Ban durations increase exponentially for repeat offenders. A client banned multiple times within the ramp-up window receives progressively longer bans, up to a configurable maximum.

$sentry = new Sentry(
    $db,
    ban_ramp_up_window: 86400 * 30, // look back 30 days for prior bans
    ban_ramp_up_rate: 1.5,           // multiply duration by 1.5x per prior ban
    ban_max_duration: 86400 * 30,    // cap at 30 days
);

Reputation Sources

External reputation data can be checked for IPs with no local verdict. Reputation sources are consulted during resolve(), after local verdicts have been checked. Results are written as local verdicts so subsequent calls are fast.

use Joby\Smol\Sentry\AbuseIpDb;

$abuseipdb = new AbuseIpDb($db, api_key: 'your-api-key');
$abuseipdb->migrateDB();

$sentry->addReputationSource($abuseipdb);

AbuseIPDB

The bundled AbuseIpDb source checks individual IPs and their /24 (IPv4) or /48 (IPv6) blocks. Results are cached locally to preserve API quota. Default value of 500 in daily_refreshes is designed to be appropriate for use with a free AbuseIPDB account.

$abuseipdb = new AbuseIpDb(
    db: $db,
    api_key: 'your-api-key',
    challenge_threshold: 70, // score >= this -> challenge
    ban_threshold: 90,       // score >= this -> ban
                             // score < challenge_threshold -> release existing verdict
    ttl: 86400,              // refresh cached scores after this many seconds
    max_stale: 86400 * 14,   // use stale data for up to this long if quota is exhausted
    daily_refreshes: 500,    // max refreshes of known IPs per day (reserve quota for new IPs)
    report_days: 30,         // days of reports to consider in API requests
);

Custom reputation sources can be added by implementing ReputationSourceInterface:

interface ReputationSourceInterface {
    public function check(string $ip_normalized): Outcome|null;
}

Return Outcome::Ban, Outcome::Challenge, or null to pass.
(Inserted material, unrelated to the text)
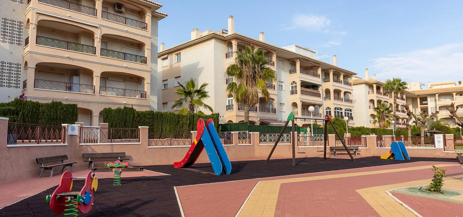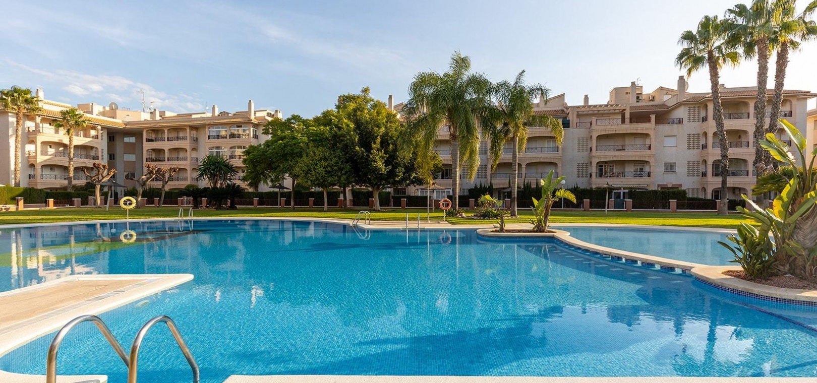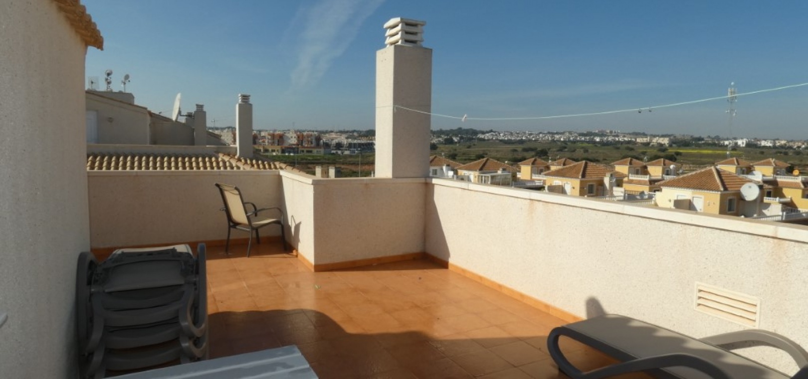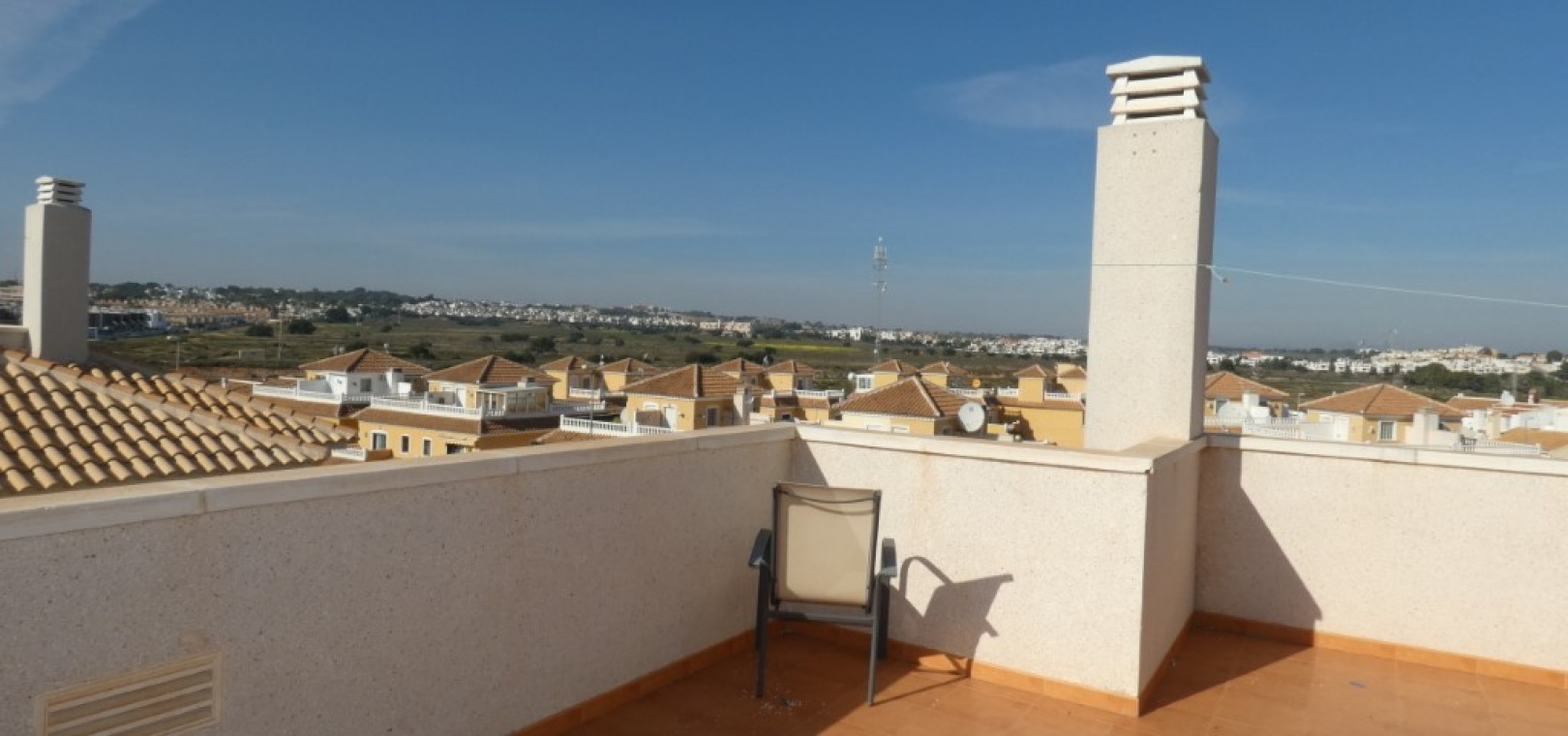 En vackert presenterad lägenhet med 3 sovrum och 2 badrum på översta våningen med privat takterrass, belägen i det eftertraktade Residencial Laguna Golf, Playa Flamenca på Costa Blanca.

The source's class name is used as the verdict reason, which allows verdicts to be automatically released when a re-check returns a clean score.

IP Normalization

All IP addresses are normalized before storage:

  • IPv4-mapped IPv6 addresses (::ffff:1.2.3.4) are normalized to plain IPv4
  • IPv6 addresses are masked to their /64 block (last 64 bits zeroed) — a bot rotating through addresses in the same /64 block is treated as a single client

Database Setup

smolSentry stores all state in SQLite. Call migrateDB() before first use:

$sentry->migrateDB(); // sets up signals and verdicts tables
$abuseipdb->migrateDB(); // sets up cache tables, if using AbuseIPDB

Because all state is in a single database file, multiple applications on the same server can share a smolSentry database — signals and verdicts from one site count toward thresholds on all others.

Exception Handling

try {
    // always run $sentry->resolve() as early as possible
    $sentry->resolve();
    // your app logic goes here, including additional signals which may throw BannedExceptions or ChallengedExceptions
} catch (BannedException $e) {
    http_response_code(403);
    exit;
} catch (ChallengedException $e) {
    header('Location: /challenge');
    exit;
}

Requirements

Fully tested on PHP 8.3+, static analysis for PHP 8.1+. Requires the pdo_sqlite and sqlite3 PHP extensions (both enabled by default in most PHP installations). Depends on smolQuery.

License

smolSentry is licensed under the MIT License. See LICENSE file for details.

Third-party licensing

Inspector pattern data files in src/InspectionRules/owasp-crs are derived from the OWASP CRS under Apache Software License (ASL) version 2. Please see LICENSE-CRS for full details.